Post Two: Death and all his Friends

Philosophy often surfaces the shallow waters of those that repress the thoughts and deny their existence when a death arises that affects them. Often this is the time when those people watch a huge door slam and lock them inside a dusty classroom. Trapped they become, and forced they are, to do independent study. There, there is no windows, no light besides that from a flickering desk lamp that illuminates only to reveal the hundreds of thousands of thoughts flying above a broken swivel chair, anxiously awaiting the day of someone’s arrival. And here you finally are, and it only took a death to get you here.

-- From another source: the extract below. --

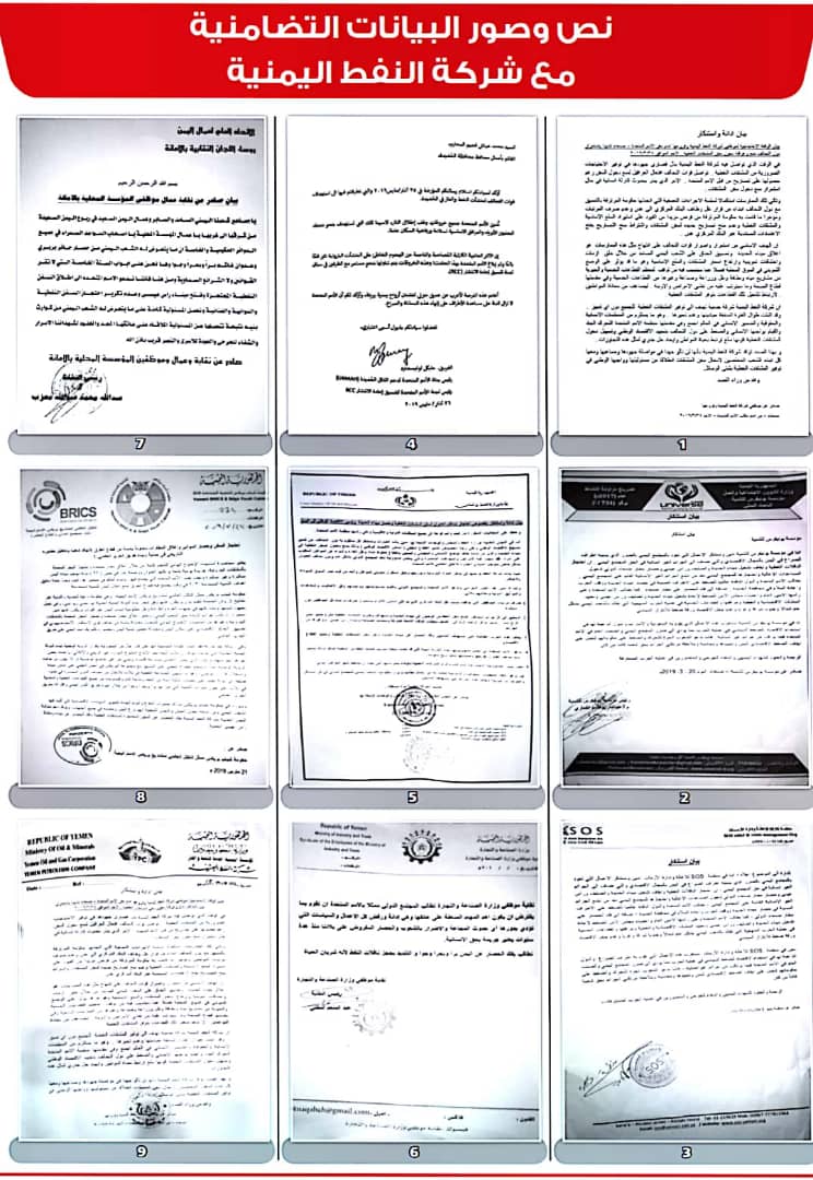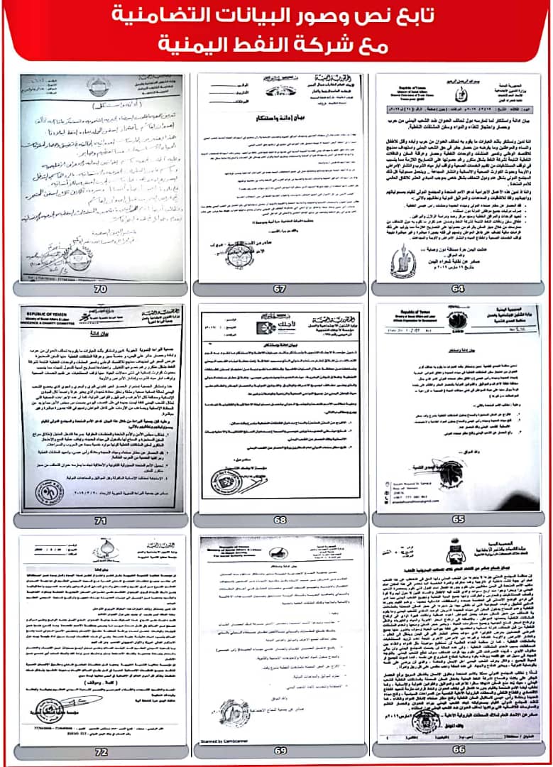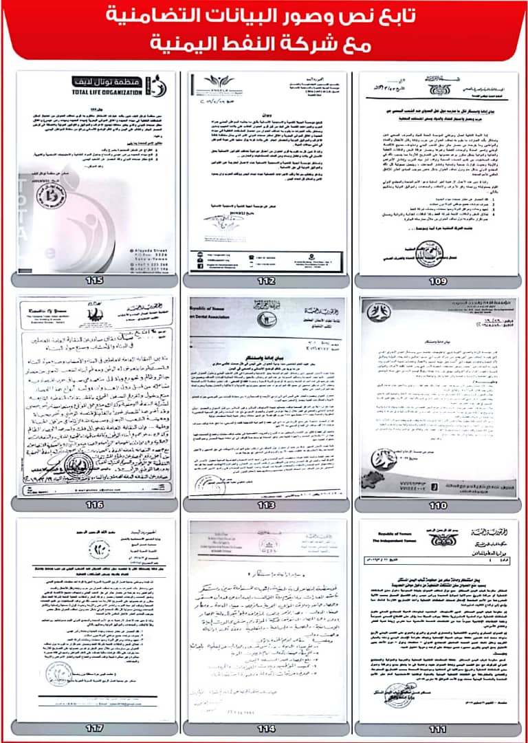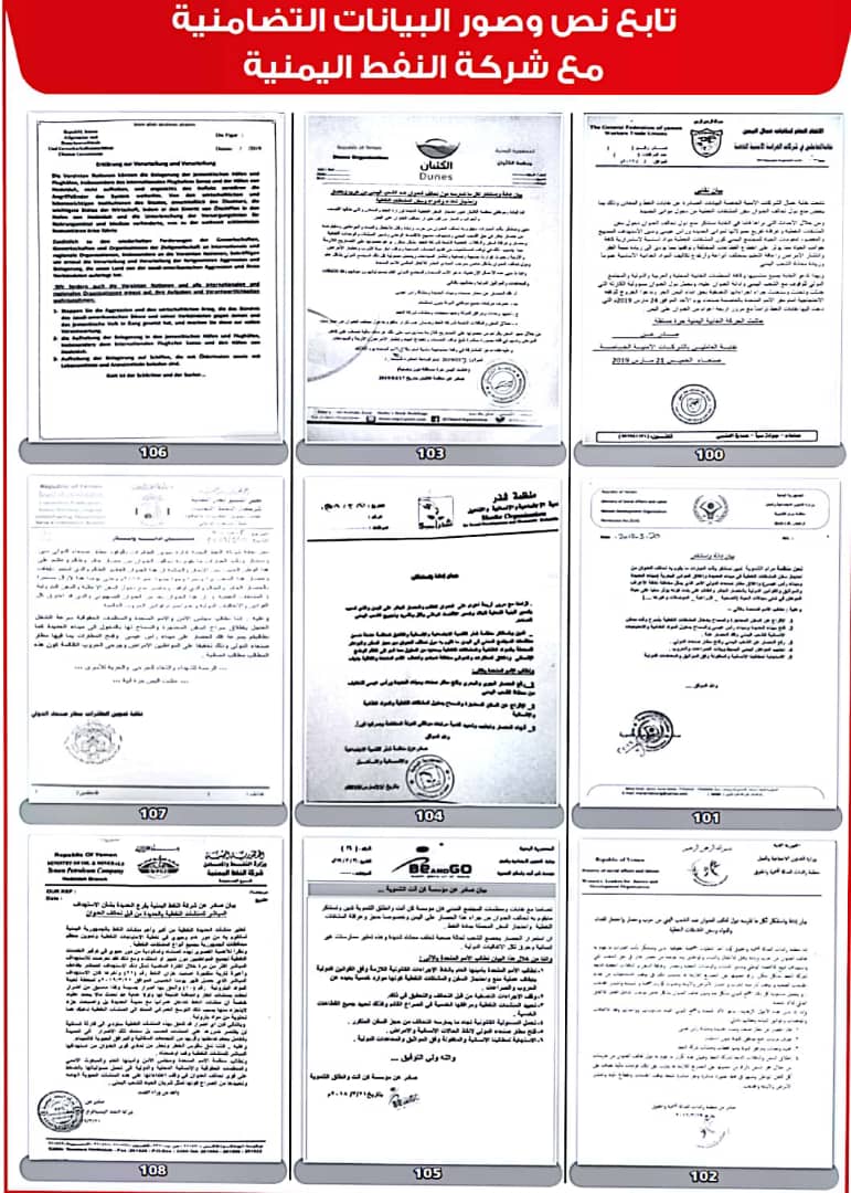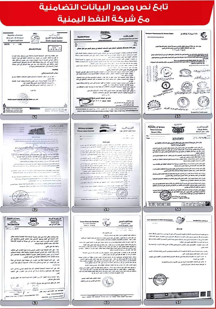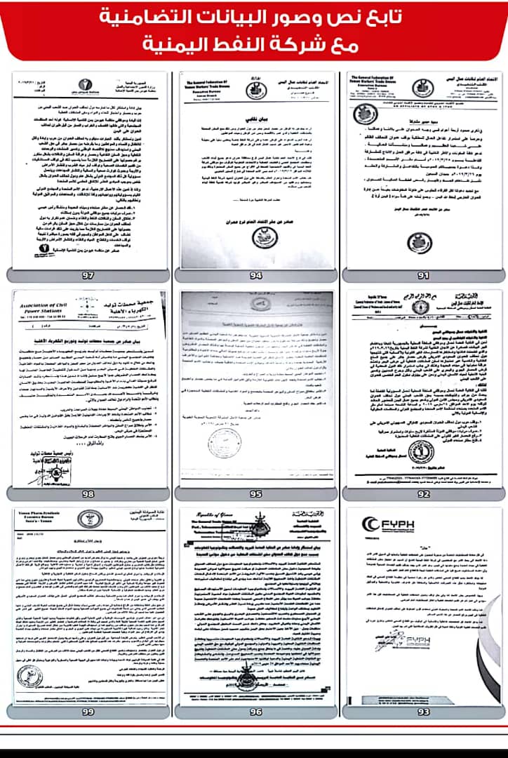 وأصدرت 208 منظمات ونقابات عمالية ومهنية بيانات، أعلنت فيها تضامنها مع شركة النفط اليمنية ضد ما وصفتها بـ”الإجراءات التعسفية التي تمارسها قوى التحالف والحصار لمنع وصول البواخر المحملة بالمشتقات النفطية إلى ميناء الحديدة”.

We are all searching for truth; sacred knowledge that is irrefutable. As we try are best to secure our hands around that of which is the sand that falls through the cracks of our palms, we think not of our imminent deaths. You see, we each have a clock inside us that is constantly ticking away, a calendar that is constantly shaving days, and an antique hourglass that is constantly reminding us that we are running out. Yet we live our lives thinking not of death, but throwing the very notion of “death” in the deepest chasms of our minds, hoping it’s calloused hands never climb it’s relentless being out of the shadows and into the light. And when it does- oh when it does, we are reminded of just how shallow the waters of the Fountain of Youth are.

With all that said, however, we do live out lives, unconsciously, learning how to die. Odd as it may seem, we are fixated on what it means to truly venture beyond that of which is this life. We spend our lives trying to figure it out, but until we start hearing the sickle sharpening-and by then it’s all but too soon, do we even comprehend what it means to live. I feel that we can never understand what it means to die until we understand what it means to live…

In the spirit of Socrates; “The unexamined life is not worth living.”, hence death shouldn’t be the only thing that beckons thoughts from within. I say, summon those thoughts, wield those thoughts, and relinquish those thoughts because only through the use of the mind can we truly see.